[Data excerpts]
● ● ● ● ●
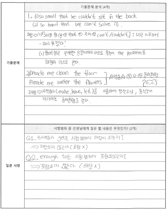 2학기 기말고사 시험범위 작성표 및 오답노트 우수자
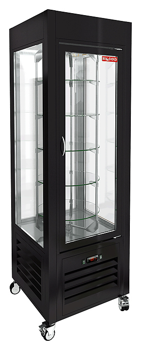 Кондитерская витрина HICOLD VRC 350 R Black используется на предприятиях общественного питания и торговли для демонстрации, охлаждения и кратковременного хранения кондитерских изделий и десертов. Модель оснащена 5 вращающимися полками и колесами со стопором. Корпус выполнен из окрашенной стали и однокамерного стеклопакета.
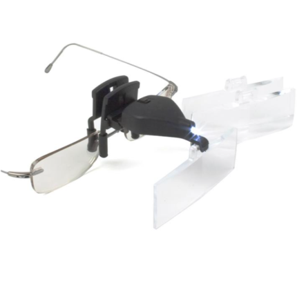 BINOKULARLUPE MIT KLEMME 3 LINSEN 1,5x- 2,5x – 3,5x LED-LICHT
● ● ● ● ●
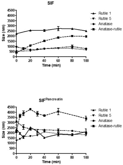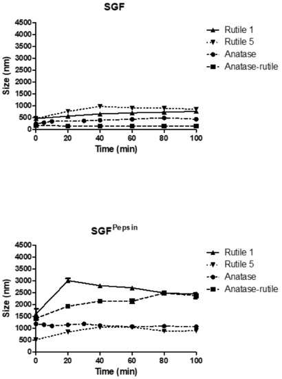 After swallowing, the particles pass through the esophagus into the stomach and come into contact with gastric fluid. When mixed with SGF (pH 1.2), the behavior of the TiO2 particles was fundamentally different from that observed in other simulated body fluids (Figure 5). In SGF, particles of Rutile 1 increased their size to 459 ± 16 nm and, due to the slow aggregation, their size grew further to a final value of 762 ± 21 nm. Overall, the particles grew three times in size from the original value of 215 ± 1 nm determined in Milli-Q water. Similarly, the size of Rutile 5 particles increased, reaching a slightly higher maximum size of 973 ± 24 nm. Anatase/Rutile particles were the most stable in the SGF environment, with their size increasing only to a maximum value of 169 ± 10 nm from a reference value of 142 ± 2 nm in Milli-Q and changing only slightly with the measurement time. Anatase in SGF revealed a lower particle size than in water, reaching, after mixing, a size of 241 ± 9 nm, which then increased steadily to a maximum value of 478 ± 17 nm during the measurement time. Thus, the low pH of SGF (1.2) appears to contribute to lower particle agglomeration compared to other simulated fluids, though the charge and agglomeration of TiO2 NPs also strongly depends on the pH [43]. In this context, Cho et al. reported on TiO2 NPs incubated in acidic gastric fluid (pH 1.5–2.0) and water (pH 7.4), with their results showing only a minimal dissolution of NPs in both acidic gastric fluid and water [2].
● ● ● ● ●
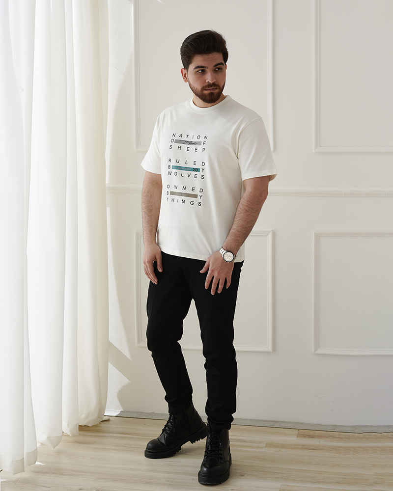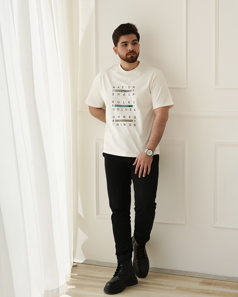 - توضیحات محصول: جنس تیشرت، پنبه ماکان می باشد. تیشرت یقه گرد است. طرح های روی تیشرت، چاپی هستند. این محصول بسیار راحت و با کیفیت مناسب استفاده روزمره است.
● ● ● ● ●
[Exercise brief] The stretch above running from the line with "2학기 기말고사 시험범위 작성표 및 오답노트 우수자" through the line with "BINOKULARLUPE MIT KLEMME" is all you should copy, exactly, leaving out the pictures.

[Exercise response]
 2학기 기말고사 시험범위 작성표 및 오답노트 우수자
 Кондитерская витрина HICOLD VRC 350 R Black используется на предприятиях общественного питания и торговли для демонстрации, охлаждения и кратковременного хранения кондитерских изделий и десертов. Модель оснащена 5 вращающимися полками и колесами со стопором. Корпус выполнен из окрашенной стали и однокамерного стеклопакета.
 BINOKULARLUPE MIT KLEMME 3 LINSEN 1,5x- 2,5x – 3,5x LED-LICHT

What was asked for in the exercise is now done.